Keep a Crawler alive waiting for more requests

This example demonstrates how to keep crawler alive even when there are no requests at the moment by using keep_alive=True argument of BasicCrawler.__init__. This is available to all crawlers that inherit from BasicCrawler and in the example below it is shown on BeautifulSoupCrawler. To stop the crawler that was started with keep_alive=True you can call crawler.stop().

Run on

import asyncio

from crawlee._types import BasicCrawlingContext
from crawlee.crawlers import BeautifulSoupCrawler


async def main() -> None:
    crawler = BeautifulSoupCrawler(
        # Keep the crawler alive even when there are no requests to be processed now.
        keep_alive=True,
    )

    def stop_crawler_if_url_visited(context: BasicCrawlingContext) -> None:
        """Stop crawler once specific url is visited.

        Example of guard condition to stop the crawler."""
        if context.request.url == 'https://crawlee.dev/docs/examples':
            crawler.stop(
                'Stop crawler that was in keep_alive state after specific url was visite'
            )
        else:
            context.log.info('keep_alive=True, waiting for more requests to come.')

    async def add_request_later(url: str, after_s: int) -> None:
        """Add requests to the queue after some time. Can be done by external code."""
        # Just an example of request being added to the crawler later,
        # when it is waiting due to `keep_alive=True`.
        await asyncio.sleep(after_s)
        await crawler.add_requests([url])

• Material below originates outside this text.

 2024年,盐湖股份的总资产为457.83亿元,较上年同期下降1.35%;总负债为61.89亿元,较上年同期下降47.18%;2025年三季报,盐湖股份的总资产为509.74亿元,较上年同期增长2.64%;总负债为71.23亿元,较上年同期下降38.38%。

    # Define the default request handler, which will be called for every request.
    @crawler.router.default_handler
    async def request_handler(context: BasicCrawlingContext) -> None:
        context.log.info(f'Processing {context.request.url} ...')

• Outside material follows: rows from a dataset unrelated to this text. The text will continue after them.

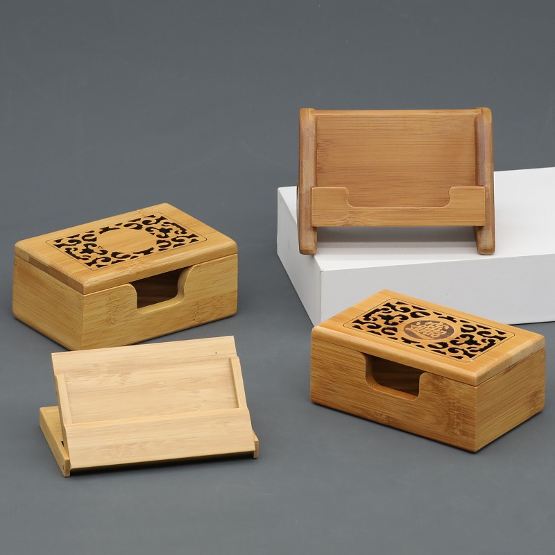 竹製名刺ボックス収納ホルダー、フロントバーディスプレイ用、縦型シンプルポータブルビジネス名刺ホルダー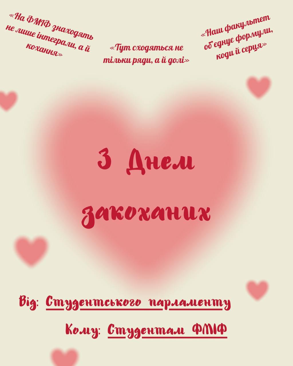 Бажаємо більше любові, щирих слів і теплих моментів. Нехай поруч будуть люди, які підтримують, надихають і роблять ваше студентське життя яскравішим ❤️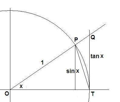 sin(x)/2 < x/2 < tan(x)/2 ↔ 1 < x/sin(x) < 1/cos(x) ↔ cos(x) < sin(x)/x < 1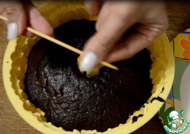 Проверяем готовность деревянной палочкой протыкивая кекс. Если палочка остаётся чистой значит все готово.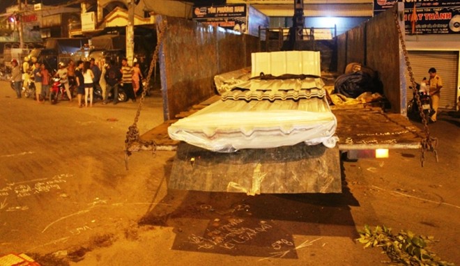 Sau cú va chạm, nam thanh niên này bị những tấm tôn cắt đứt cổ, tử vong tại hiện trường. Chiếc xe máy của nạn nhân chạy tiếp khoảng 20 m mới ngã ra đường.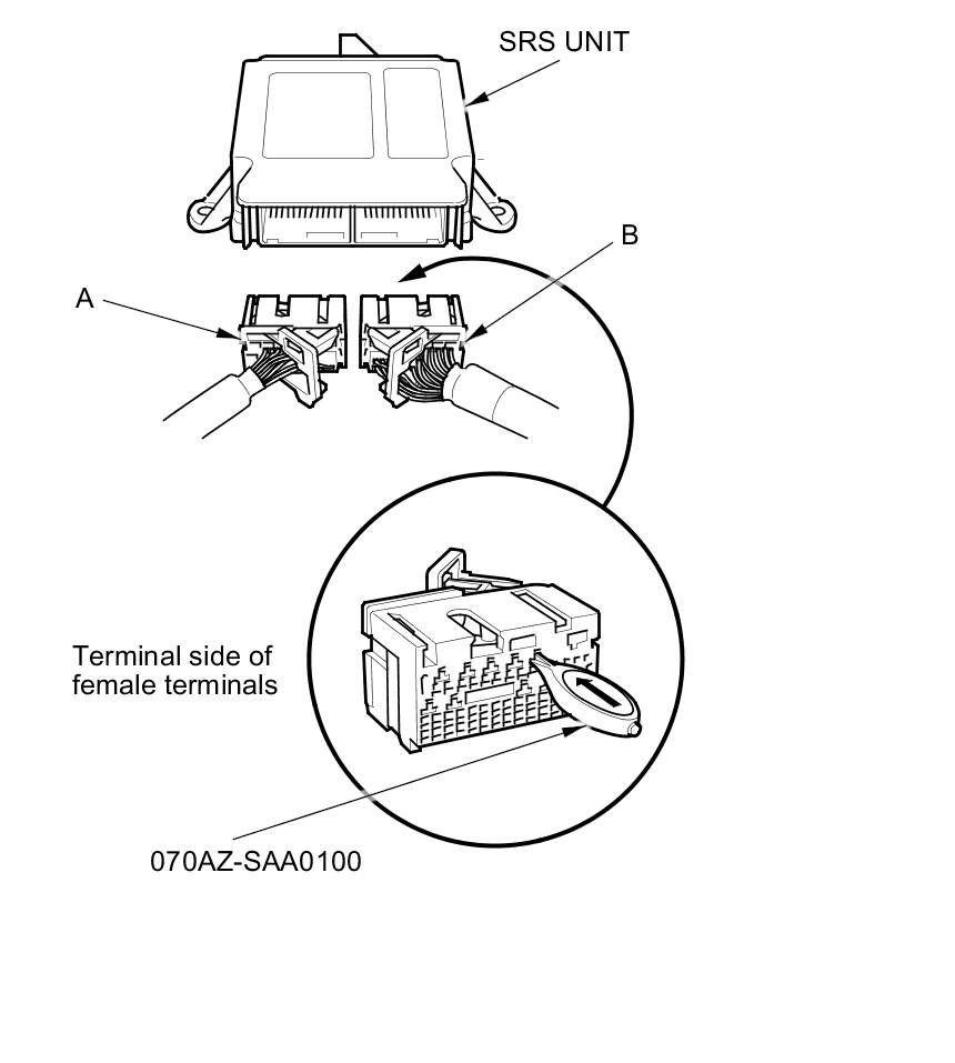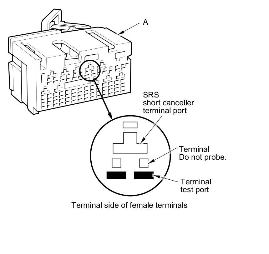 When diagnosing or troubleshooting at an SRS unit connector (A), use the terminal test port below the terminal you need to check. Gently insert the pin probes of the tester or jumper wire at the terminal test port from the terminal side.

        # Stop crawler if some guard condition has been met.
        stop_crawler_if_url_visited(context)

    # Start some tasks that will add some requests later to simulate real situation,
    # where requests are added later by external code.
    add_request_later_task1 = asyncio.create_task(
        add_request_later(url='https://crawlee.dev', after_s=1)
    )
    add_request_later_task2 = asyncio.create_task(
        add_request_later(url='https://crawlee.dev/docs/examples', after_s=5)
    )

    # Run the crawler without the initial list of requests.
    # Wait for more requests to be added to the queue later due to `keep_alive=True`.
    await crawler.run()

    await asyncio.gather(add_request_later_task1, add_request_later_task2)


if __name__ == '__main__':
    asyncio.run(main())